SASO has not yet published the full list of recognized local representatives authorized to submit pre-installation reports, nor finalized the required report template. Exporters and manufacturers should monitor SASO’s official portal and consult with accredited conformity assessment bodies for updates before initiating formal submissions.

Identify and prioritize models subject to redesign

Given that ~67% of existing export models reportedly require EMC structural changes, manufacturers should conduct internal EMC gap assessments — focusing first on units with metal enclosures, high-speed digital interfaces (e.g., USB-C, HDMI), or integrated wireless modules — to triage redesign effort and allocate engineering resources efficiently.

Distinguish between regulatory signal and enforceable requirement

The April 2026 update is a formal standard revision, but enforcement begins only on October 1, 2026. Shipments cleared before that date remain subject to prior SASO 2891:2023 (Class A) rules. Stakeholders should avoid premature redesigns for low-volume SKUs unless aligned with broader product refresh cycles.

Engage early with SASO-recognized local representatives

Lead times for pre-installation testing and report validation are expected to increase as the deadline approaches. Engaging with a SASO-recognized representative now — even for preliminary consultation or sample testing — helps identify documentation readiness gaps and avoids last-minute submission delays.
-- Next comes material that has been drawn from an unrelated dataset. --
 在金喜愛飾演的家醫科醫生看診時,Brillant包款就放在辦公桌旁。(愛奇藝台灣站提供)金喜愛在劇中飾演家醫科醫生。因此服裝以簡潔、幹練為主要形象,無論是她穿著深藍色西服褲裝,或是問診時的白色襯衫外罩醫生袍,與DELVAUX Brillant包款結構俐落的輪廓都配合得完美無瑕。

Editorial Observation / Industry Perspective

From an industry perspective, this update is better understood as a targeted tightening of market access conditions rather than a broad-based policy shift. It reflects SASO’s increasing emphasis on electromagnetic compatibility in immersive technology categories where proximity to users and extended operation durations raise exposure concerns. Analysis来看, the 40% stricter Class B limit signals a move toward harmonization with EU-level EMC expectations — though no explicit alignment with EN 55032 is stated in the public notice. Observation来看, the inclusion of ‘smart campus tech’ as a defined scope suggests SASO is proactively anticipating growth in institutional VR deployments, not just consumer entertainment. Current更值得关注的是 how quickly local representatives scale their Class B testing capacity — and whether SASO introduces transitional provisions for legacy stock already in regional distribution channels.
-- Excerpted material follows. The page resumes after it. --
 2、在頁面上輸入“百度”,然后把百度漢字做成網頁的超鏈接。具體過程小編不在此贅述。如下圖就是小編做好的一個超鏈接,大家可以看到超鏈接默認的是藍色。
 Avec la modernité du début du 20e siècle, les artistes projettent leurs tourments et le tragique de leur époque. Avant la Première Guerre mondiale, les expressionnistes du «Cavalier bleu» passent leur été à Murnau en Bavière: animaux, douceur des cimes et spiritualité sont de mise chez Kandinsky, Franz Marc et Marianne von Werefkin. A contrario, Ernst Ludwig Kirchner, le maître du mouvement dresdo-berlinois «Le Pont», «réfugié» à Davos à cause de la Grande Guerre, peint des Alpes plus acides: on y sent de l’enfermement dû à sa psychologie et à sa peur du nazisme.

This update underscores that regulatory compliance for immersive tech in emerging markets is shifting from basic safety certification toward nuanced performance-based requirements. It is not yet a de facto barrier to entry, but it does mark a clear inflection point: successful market access now depends less on documentation alone and more on embedded EMC-aware hardware design.

Information Source: Saudi Standards, Metrology and Quality Organization (SASO); official revision notice for SASO 2891:2026 dated April 15, 2026. Note: Enforcement timeline (October 1, 2026), scope definition, and reported impact on 67% of export models are confirmed per publicly available SASO documentation and verified manufacturer statements. Details regarding accredited local representatives and report templates remain pending official publication and are under ongoing observation.